» **WHAT NEEDS TO BE DONE**: Your copy should start at the line with "공연과 함께 즐길 수" and end at the line with "Заказать 1. Ролл" in the data below. Transcribe only those lines, exactly, pictures excluded.

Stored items
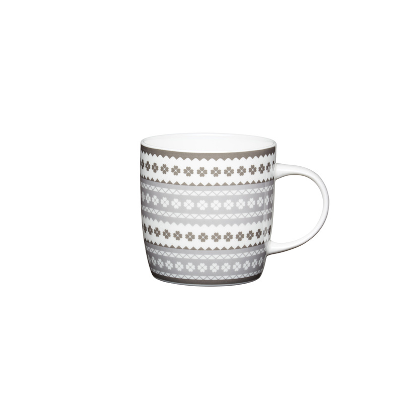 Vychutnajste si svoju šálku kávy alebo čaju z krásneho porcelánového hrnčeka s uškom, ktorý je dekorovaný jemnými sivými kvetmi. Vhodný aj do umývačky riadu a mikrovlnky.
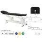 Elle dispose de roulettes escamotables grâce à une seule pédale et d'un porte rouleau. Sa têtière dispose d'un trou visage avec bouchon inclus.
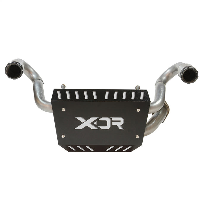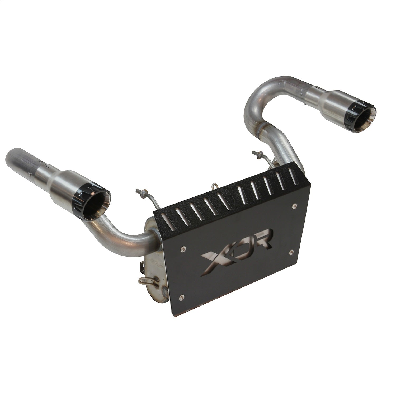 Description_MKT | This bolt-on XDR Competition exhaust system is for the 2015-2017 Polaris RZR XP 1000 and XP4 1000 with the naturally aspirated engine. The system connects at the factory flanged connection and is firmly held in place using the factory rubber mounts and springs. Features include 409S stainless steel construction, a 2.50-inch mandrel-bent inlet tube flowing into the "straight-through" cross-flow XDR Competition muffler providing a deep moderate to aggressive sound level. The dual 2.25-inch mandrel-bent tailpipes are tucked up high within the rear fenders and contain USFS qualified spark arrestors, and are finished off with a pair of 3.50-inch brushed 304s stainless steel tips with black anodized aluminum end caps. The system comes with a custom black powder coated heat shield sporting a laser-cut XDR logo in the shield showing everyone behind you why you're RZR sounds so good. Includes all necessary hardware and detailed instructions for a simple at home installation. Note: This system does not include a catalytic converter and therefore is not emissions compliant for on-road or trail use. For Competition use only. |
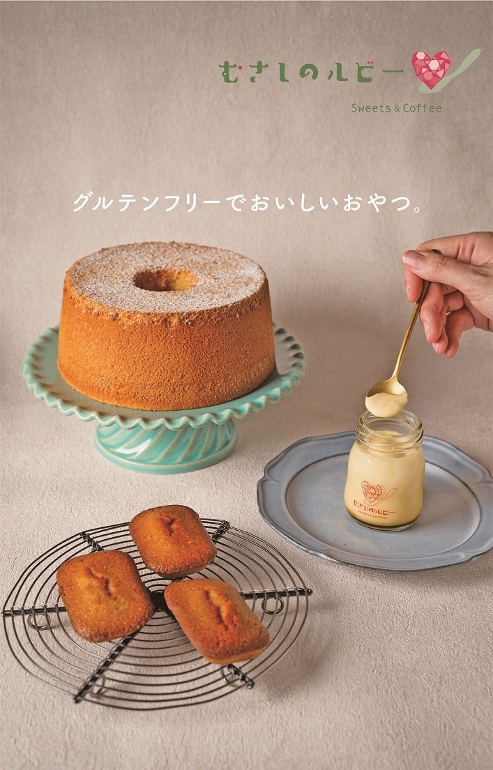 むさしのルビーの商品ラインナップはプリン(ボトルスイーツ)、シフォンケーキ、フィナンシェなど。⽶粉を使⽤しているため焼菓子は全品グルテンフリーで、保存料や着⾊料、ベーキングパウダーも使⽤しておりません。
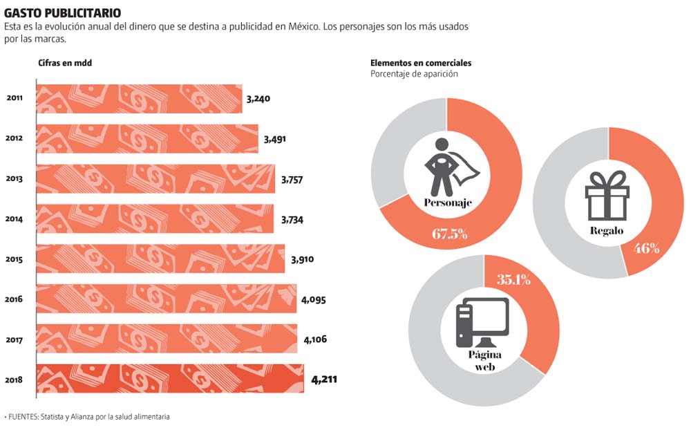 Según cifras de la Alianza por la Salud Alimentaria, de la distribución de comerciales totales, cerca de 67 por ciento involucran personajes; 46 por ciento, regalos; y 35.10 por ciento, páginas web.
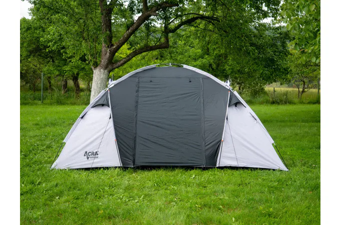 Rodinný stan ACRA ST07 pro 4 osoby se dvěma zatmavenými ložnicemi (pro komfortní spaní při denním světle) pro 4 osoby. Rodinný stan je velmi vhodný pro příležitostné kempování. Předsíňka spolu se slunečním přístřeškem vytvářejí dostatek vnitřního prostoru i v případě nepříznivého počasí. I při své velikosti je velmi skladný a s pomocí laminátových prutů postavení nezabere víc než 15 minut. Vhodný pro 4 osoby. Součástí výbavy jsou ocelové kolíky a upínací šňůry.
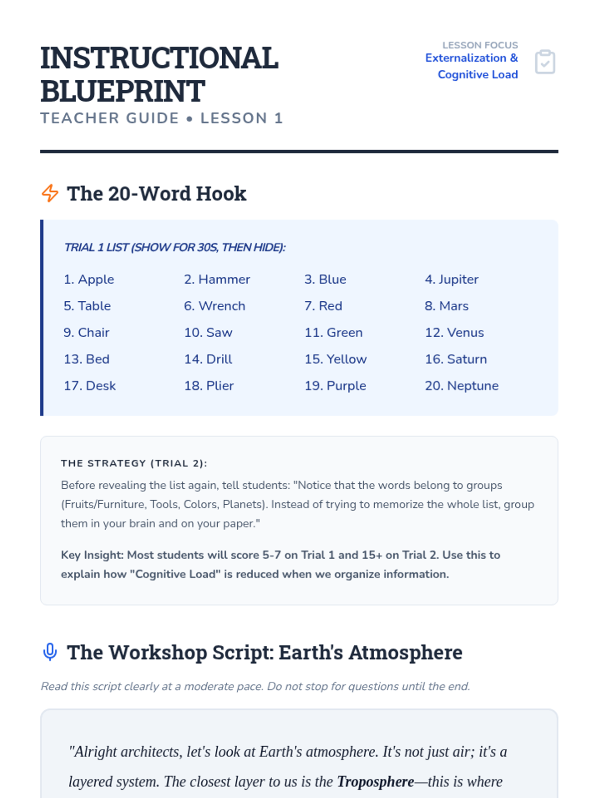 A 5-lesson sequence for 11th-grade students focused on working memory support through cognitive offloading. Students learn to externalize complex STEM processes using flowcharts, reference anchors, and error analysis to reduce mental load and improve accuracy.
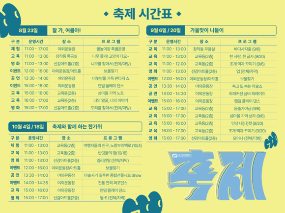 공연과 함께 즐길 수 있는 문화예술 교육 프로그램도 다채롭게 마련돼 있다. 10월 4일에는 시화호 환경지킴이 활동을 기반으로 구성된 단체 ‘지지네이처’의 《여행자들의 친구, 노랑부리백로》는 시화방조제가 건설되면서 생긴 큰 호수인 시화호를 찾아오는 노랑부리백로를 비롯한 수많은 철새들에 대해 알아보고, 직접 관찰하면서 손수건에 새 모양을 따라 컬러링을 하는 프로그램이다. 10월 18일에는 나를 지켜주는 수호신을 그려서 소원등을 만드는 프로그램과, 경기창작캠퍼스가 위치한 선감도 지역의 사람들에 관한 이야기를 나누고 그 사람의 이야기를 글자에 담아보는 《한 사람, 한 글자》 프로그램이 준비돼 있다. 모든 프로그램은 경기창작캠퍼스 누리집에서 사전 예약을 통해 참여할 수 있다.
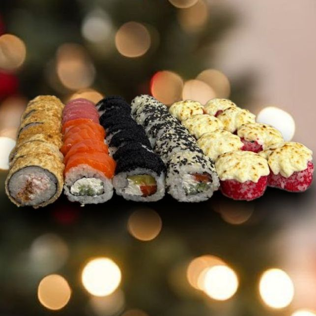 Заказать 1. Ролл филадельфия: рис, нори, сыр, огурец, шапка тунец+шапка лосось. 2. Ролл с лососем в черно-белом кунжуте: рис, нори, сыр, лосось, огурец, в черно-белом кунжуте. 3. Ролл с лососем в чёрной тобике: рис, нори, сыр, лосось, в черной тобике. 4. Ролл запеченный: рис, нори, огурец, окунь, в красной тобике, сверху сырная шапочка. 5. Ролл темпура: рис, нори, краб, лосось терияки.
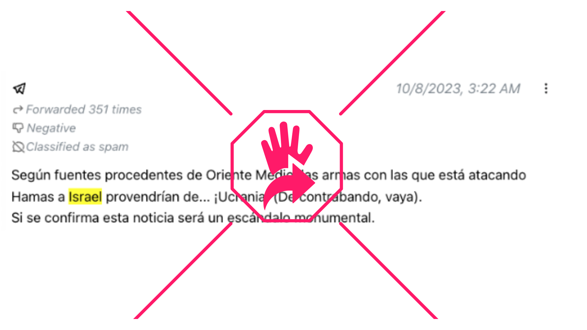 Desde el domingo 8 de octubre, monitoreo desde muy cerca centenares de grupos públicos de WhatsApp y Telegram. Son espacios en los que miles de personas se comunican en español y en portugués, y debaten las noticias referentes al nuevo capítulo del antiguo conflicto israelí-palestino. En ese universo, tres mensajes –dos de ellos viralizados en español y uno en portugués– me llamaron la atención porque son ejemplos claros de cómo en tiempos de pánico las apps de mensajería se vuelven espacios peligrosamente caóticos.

» **TASK RESPONSE**:
 공연과 함께 즐길 수 있는 문화예술 교육 프로그램도 다채롭게 마련돼 있다. 10월 4일에는 시화호 환경지킴이 활동을 기반으로 구성된 단체 ‘지지네이처’의 《여행자들의 친구, 노랑부리백로》는 시화방조제가 건설되면서 생긴 큰 호수인 시화호를 찾아오는 노랑부리백로를 비롯한 수많은 철새들에 대해 알아보고, 직접 관찰하면서 손수건에 새 모양을 따라 컬러링을 하는 프로그램이다. 10월 18일에는 나를 지켜주는 수호신을 그려서 소원등을 만드는 프로그램과, 경기창작캠퍼스가 위치한 선감도 지역의 사람들에 관한 이야기를 나누고 그 사람의 이야기를 글자에 담아보는 《한 사람, 한 글자》 프로그램이 준비돼 있다. 모든 프로그램은 경기창작캠퍼스 누리집에서 사전 예약을 통해 참여할 수 있다.
 Заказать 1. Ролл филадельфия: рис, нори, сыр, огурец, шапка тунец+шапка лосось. 2. Ролл с лососем в черно-белом кунжуте: рис, нори, сыр, лосось, огурец, в черно-белом кунжуте. 3. Ролл с лососем в чёрной тобике: рис, нори, сыр, лосось, в черной тобике. 4. Ролл запеченный: рис, нори, огурец, окунь, в красной тобике, сверху сырная шапочка. 5. Ролл темпура: рис, нори, краб, лосось терияки.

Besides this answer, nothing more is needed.